(Saved data entries)
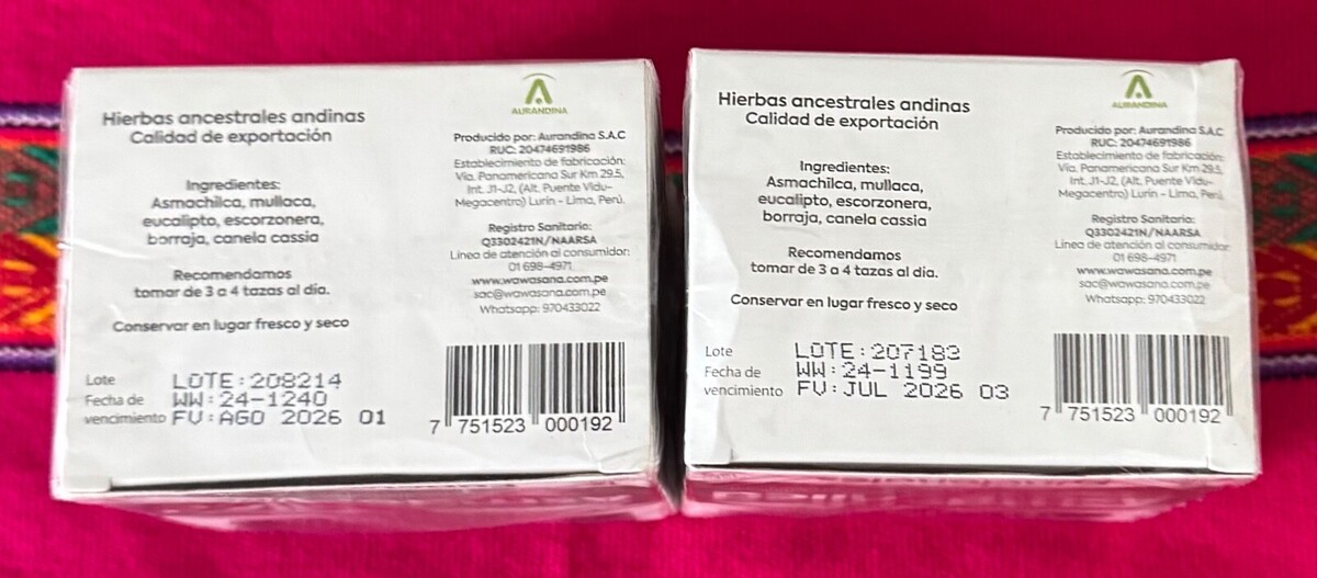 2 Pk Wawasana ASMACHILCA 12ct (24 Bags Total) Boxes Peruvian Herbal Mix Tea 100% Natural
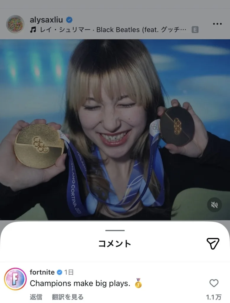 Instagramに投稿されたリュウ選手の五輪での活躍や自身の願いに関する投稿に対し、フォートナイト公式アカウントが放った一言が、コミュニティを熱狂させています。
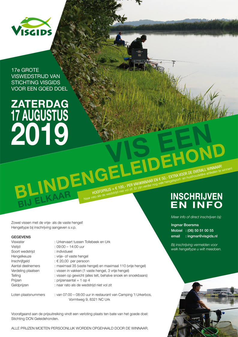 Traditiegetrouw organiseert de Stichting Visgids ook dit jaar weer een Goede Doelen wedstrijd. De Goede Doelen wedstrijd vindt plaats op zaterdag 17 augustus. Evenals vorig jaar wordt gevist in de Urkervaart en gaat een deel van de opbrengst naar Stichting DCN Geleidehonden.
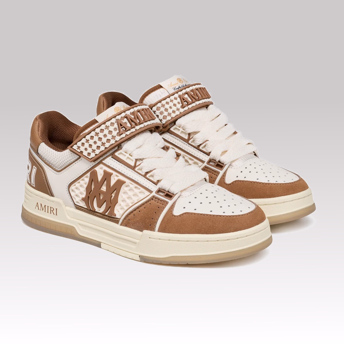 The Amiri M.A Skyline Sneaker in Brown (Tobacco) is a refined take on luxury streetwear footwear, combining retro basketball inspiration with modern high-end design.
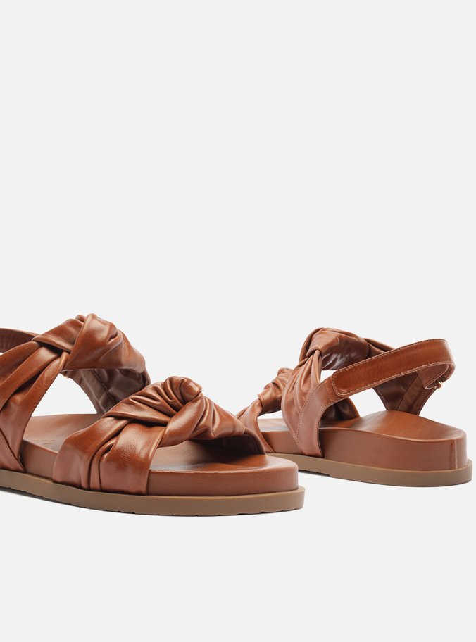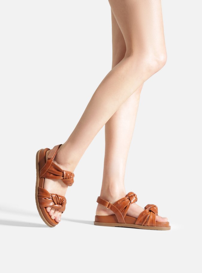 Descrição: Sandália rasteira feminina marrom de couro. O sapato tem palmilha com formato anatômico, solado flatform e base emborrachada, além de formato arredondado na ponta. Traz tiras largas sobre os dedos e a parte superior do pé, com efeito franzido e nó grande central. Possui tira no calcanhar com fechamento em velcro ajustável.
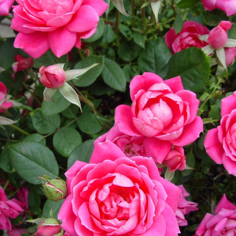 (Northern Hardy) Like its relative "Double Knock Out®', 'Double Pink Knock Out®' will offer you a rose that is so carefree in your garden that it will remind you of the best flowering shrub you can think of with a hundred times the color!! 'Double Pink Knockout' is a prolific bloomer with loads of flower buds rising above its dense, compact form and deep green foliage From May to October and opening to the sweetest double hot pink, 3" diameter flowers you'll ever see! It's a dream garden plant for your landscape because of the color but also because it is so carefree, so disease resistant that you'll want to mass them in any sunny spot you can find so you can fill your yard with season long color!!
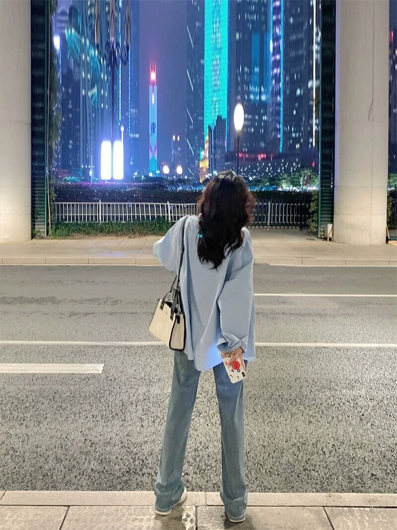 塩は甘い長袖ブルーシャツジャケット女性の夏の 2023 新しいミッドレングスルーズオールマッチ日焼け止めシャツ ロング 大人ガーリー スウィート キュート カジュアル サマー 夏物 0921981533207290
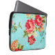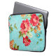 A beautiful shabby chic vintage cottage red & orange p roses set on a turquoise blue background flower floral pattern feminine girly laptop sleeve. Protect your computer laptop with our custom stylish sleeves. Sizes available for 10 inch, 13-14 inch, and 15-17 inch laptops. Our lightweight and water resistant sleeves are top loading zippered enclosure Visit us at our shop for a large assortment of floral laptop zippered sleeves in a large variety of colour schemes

- Exercise requirements -
Leaving every picture aside, reproduce exactly the lines above from the one with "Traditiegetrouw organiseert de" up to and including the one with "The Amiri M.A", and no others.

- Answer box -
 Traditiegetrouw organiseert de Stichting Visgids ook dit jaar weer een Goede Doelen wedstrijd. De Goede Doelen wedstrijd vindt plaats op zaterdag 17 augustus. Evenals vorig jaar wordt gevist in de Urkervaart en gaat een deel van de opbrengst naar Stichting DCN Geleidehonden.
 The Amiri M.A Skyline Sneaker in Brown (Tobacco) is a refined take on luxury streetwear footwear, combining retro basketball inspiration with modern high-end design.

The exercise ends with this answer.